If Jesus had just tried to fit in better, if he’d just gone along, if
he’d just compromised with the Pharisees and the Sadducees, things would’ve
been so much easier for him. He probably could even have avoided his
death.
I don’t know whether Jesus felt the temptation to go along,
to fit in. But if he did, he had the courage to resist it. He had
that courage because he knew it was coming, just as we know it could be coming.
And because Jesus knew it was coming, Jesus was ready for it.
So let’s look at the specific examples. In the
question about taxes, he knew it was not an honest question. So he did
not treat it as one. He knew the person asking did not want his opinion,
but was just trying to start an argument. No matter what he said they
were going to disagree. So he did not fall into the trap.
There’s a lesson for us right there. If we really
live our faith out, if we really are different, people are going to have
questions. And that’s okay. We should welcome honest questions.
But we need to know when someone is asking an honest question, and when
someone is just trying to start an argument. Jesus would answer honest
questions as long as people wanted to ask them. We should, too. But
you and I should not fall into a trap when someone just wants to start an
argument. It’s not going to help.
In the question about marriage at the resurrection, the
Sadducees tried to set up a false premise. And Jesus refused to accept
it.
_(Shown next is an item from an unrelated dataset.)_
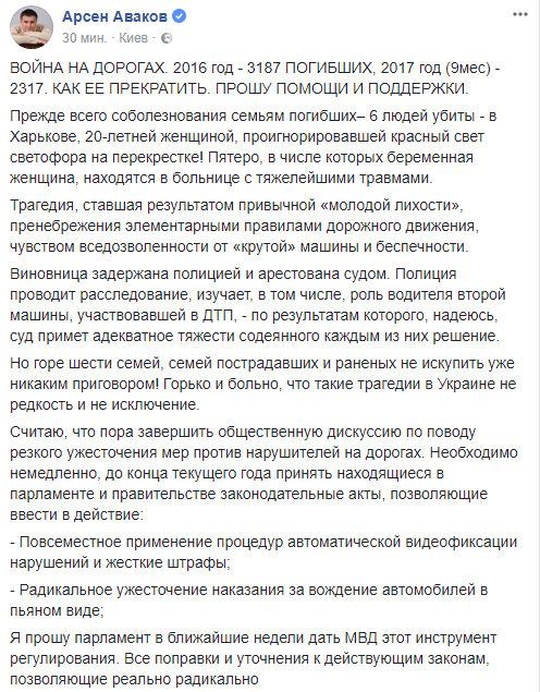 "Виновница задержана полицией и арестована судом. Полиция проводит расследование, изучает, в том числе, роль водителя второй машины, участвовавшей в ДТП, - по результатам которого, надеюсь, суд примет адекватное тяжести содеянного каждым из них решение", - сказал Аваков.

There’s a lesson for us, too. People will try to do that, too.
“If God loves you, why did you get sick?” “If God loves you, why
did you lose your job?” If God loves us, why does God not make it rain?” The
false premise is that if God loves us nothing bad should never happen to us.
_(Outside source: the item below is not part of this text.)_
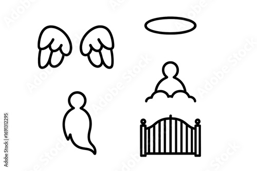 Simple black and white angel icon with halo and wings, a spiritual symbol representing peace, faith, and heavenly guidance.
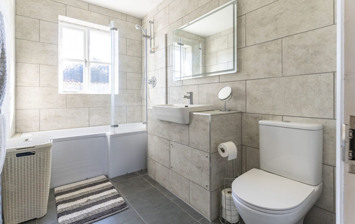 Modern white suite comprising panel enclosed shower bath with mixer tap, shower attachment and glass screen, low level WC and vanity unit with inset wash hand basin. Fully tiled walls with chrome ‘ladder’ style radiator and ceramic tiled floor.

That’s never been true. The greatest heroes of the Bible had all
kinds of bad things happen to them. But they kept the faith and were
ultimately rewarded for it. So will we be. So when someone sets up
a false premise, you and I should not accept it. We should challenge it.
That’s two principles we can learn from Jesus. Here’s
a third: don’t get bogged down in insignificant details. Stick with
the basic principles. Jesus was asked about the greatest commandment in
the law. There were any number of commandments he could’ve chosen from.
Some of them were pretty detailed, and some of them were considered
pretty important. But Jesus went to the basics, to the first principles.
Love God and love your neighbor. That’s what you and I need to do,
too. Don’t get hung up on every last detail. Stick to the basic
principles.
And there’s one more principle we can learn from Jesus, and
that is not to be defensive about our faith. After they’d asked Jesus all
these questions, Jesus turned around and asked them a question. And when
they gave the answer he expected, he turned things around on them.
Too often, as Christians, we start to feel like we need to
be defensive about our faith. We don’t. I’m not saying we should be
obnoxious about it. We should not go around pointing fingers in people’s
faces or anything. But we don’t need to be defensive about our faith,
either. We don’t need to try to hide it or keep it a secret. We can
and should be upfront, open, and honest about what we believe and why we
believe it. Our Christian faith is not something to be ashamed of.
It’s something to be proud of. If we’re proud of our faith, we
should act like we are.
Following Jesus, having the kind of full and complete faith
that we’ve been talking about, is not always going to make us popular.
It’s going to make us different. And again, it takes courage to be
different. There will always be people who tempt us to go along, to fit
in, to go back to the way we used to be. There will always be people who
want us to compromise our faith. And sometimes it’s very tempting to do
that.
Jesus was able to resist the
temptation to compromise. He had the courage to be different. He
had that courage knowing full well where it would lead him--to the cross.
You and I can resist the temptation to compromise, too. We can dare
to be different for Jesus. We can be open, honest, and proud of our
faith. We may not always know where it will lead us. But we know
that, if we follow Jesus, we’ll always be going in the right direction.